** DATA EXCERPTS follows **

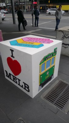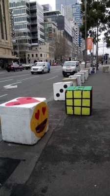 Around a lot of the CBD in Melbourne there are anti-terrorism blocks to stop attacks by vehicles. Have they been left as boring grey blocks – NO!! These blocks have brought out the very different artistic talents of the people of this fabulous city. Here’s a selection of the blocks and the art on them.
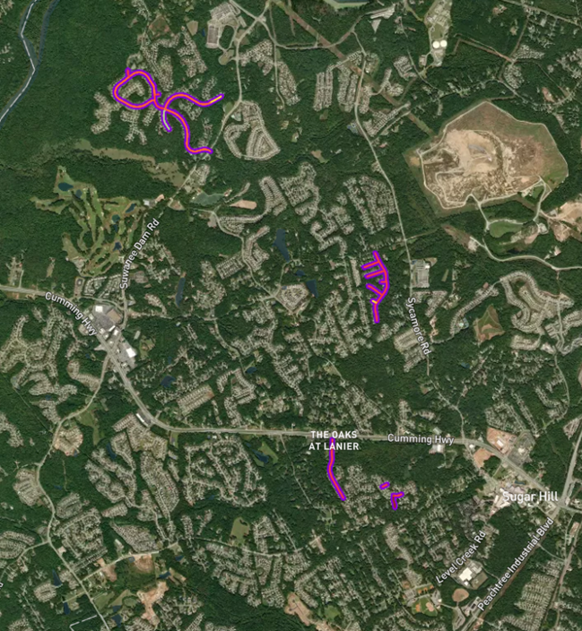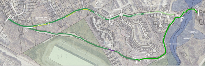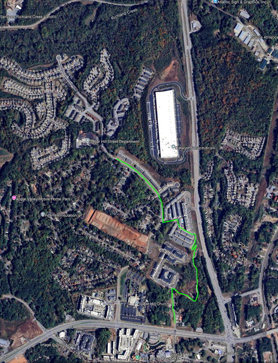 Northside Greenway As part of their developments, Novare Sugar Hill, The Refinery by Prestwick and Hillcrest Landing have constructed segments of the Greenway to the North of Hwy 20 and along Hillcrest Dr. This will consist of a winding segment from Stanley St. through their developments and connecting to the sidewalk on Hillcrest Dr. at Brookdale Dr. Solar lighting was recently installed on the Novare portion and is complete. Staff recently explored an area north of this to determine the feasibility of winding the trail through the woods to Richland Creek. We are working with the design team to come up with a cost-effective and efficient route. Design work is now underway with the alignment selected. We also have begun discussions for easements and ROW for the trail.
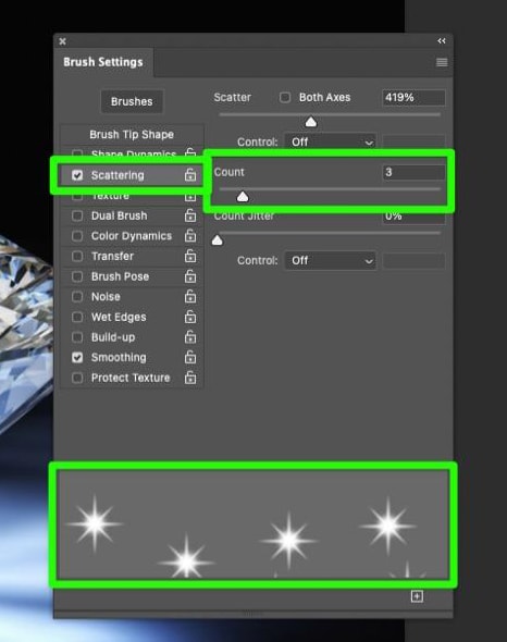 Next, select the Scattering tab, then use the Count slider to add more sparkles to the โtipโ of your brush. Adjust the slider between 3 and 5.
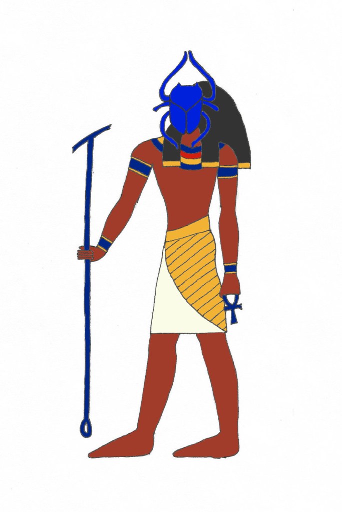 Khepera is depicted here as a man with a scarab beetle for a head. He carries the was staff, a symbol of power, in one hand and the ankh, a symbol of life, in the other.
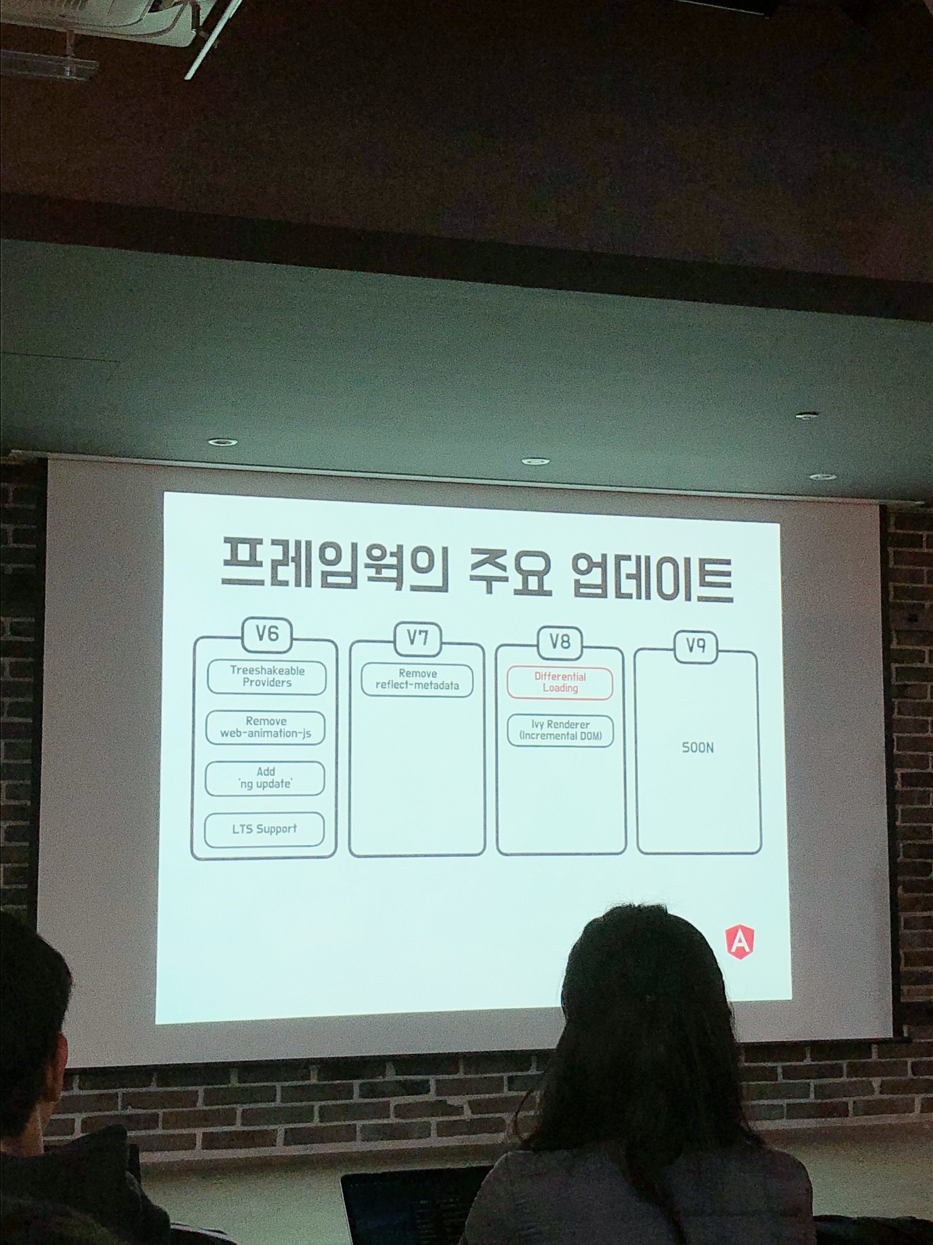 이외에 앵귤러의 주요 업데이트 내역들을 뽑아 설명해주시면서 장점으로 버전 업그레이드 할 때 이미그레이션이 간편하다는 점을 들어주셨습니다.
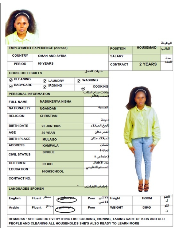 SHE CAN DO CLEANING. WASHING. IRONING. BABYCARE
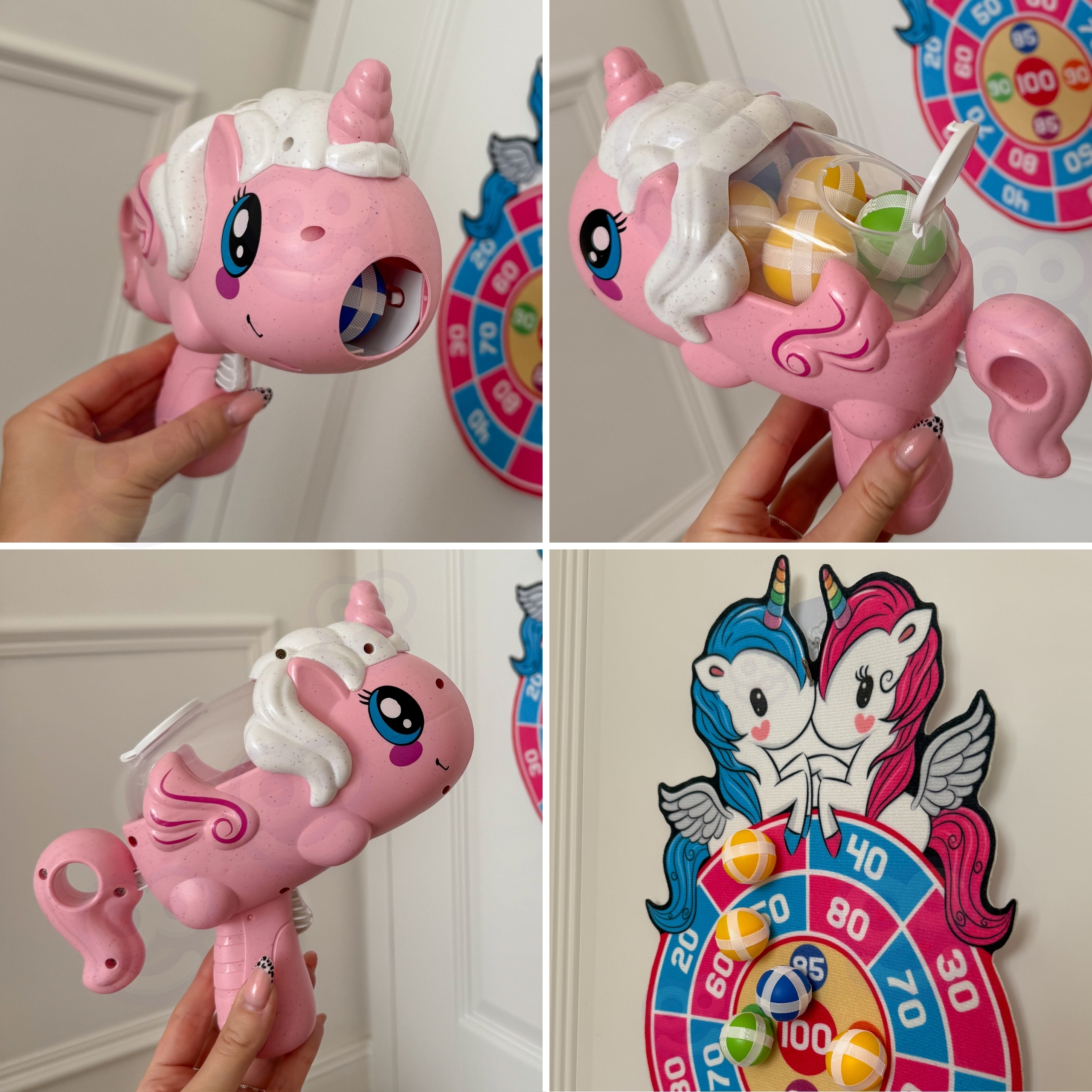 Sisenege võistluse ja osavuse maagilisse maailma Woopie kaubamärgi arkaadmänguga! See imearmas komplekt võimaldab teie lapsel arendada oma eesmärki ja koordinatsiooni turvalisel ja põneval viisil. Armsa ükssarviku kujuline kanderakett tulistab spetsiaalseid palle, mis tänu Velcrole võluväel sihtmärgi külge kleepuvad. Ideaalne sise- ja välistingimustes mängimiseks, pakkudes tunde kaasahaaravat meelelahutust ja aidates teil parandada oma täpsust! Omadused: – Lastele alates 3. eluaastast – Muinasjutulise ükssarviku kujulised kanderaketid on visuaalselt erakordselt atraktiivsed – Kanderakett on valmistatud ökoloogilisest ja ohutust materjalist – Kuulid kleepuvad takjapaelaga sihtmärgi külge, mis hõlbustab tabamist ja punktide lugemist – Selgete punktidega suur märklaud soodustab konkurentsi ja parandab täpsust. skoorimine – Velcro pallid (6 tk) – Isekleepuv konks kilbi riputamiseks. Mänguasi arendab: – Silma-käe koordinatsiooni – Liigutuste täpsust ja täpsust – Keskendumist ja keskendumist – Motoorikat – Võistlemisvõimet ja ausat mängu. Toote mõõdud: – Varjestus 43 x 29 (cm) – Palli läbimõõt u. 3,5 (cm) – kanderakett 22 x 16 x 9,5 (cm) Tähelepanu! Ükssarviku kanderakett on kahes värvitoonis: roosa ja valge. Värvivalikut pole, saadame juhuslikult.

** End of DATA EXCERPTS **
** DATA EXCERPTS follows **

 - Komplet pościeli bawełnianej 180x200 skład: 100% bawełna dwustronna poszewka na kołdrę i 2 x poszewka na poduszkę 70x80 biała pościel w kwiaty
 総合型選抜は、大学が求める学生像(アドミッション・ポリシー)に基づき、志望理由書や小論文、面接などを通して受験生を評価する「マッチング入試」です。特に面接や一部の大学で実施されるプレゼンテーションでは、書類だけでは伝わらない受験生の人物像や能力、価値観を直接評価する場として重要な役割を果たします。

** End of DATA EXCERPTS **

EXERCISE DESCRIPTION ▸ Repeat exactly the lines above, from the line that contains "Northside Greenway As" down through the line that contains "SHE CAN DO CLEANING.". Include both of those lines and none of the pictures.

EXERCISE ANSWER ▸
 Northside Greenway As part of their developments, Novare Sugar Hill, The Refinery by Prestwick and Hillcrest Landing have constructed segments of the Greenway to the North of Hwy 20 and along Hillcrest Dr. This will consist of a winding segment from Stanley St. through their developments and connecting to the sidewalk on Hillcrest Dr. at Brookdale Dr. Solar lighting was recently installed on the Novare portion and is complete. Staff recently explored an area north of this to determine the feasibility of winding the trail through the woods to Richland Creek. We are working with the design team to come up with a cost-effective and efficient route. Design work is now underway with the alignment selected. We also have begun discussions for easements and ROW for the trail.
 Next, select the Scattering tab, then use the Count slider to add more sparkles to the โtipโ of your brush. Adjust the slider between 3 and 5.
 Khepera is depicted here as a man with a scarab beetle for a head. He carries the was staff, a symbol of power, in one hand and the ankh, a symbol of life, in the other.
 이외에 앵귤러의 주요 업데이트 내역들을 뽑아 설명해주시면서 장점으로 버전 업그레이드 할 때 이미그레이션이 간편하다는 점을 들어주셨습니다.
 SHE CAN DO CLEANING. WASHING. IRONING. BABYCARE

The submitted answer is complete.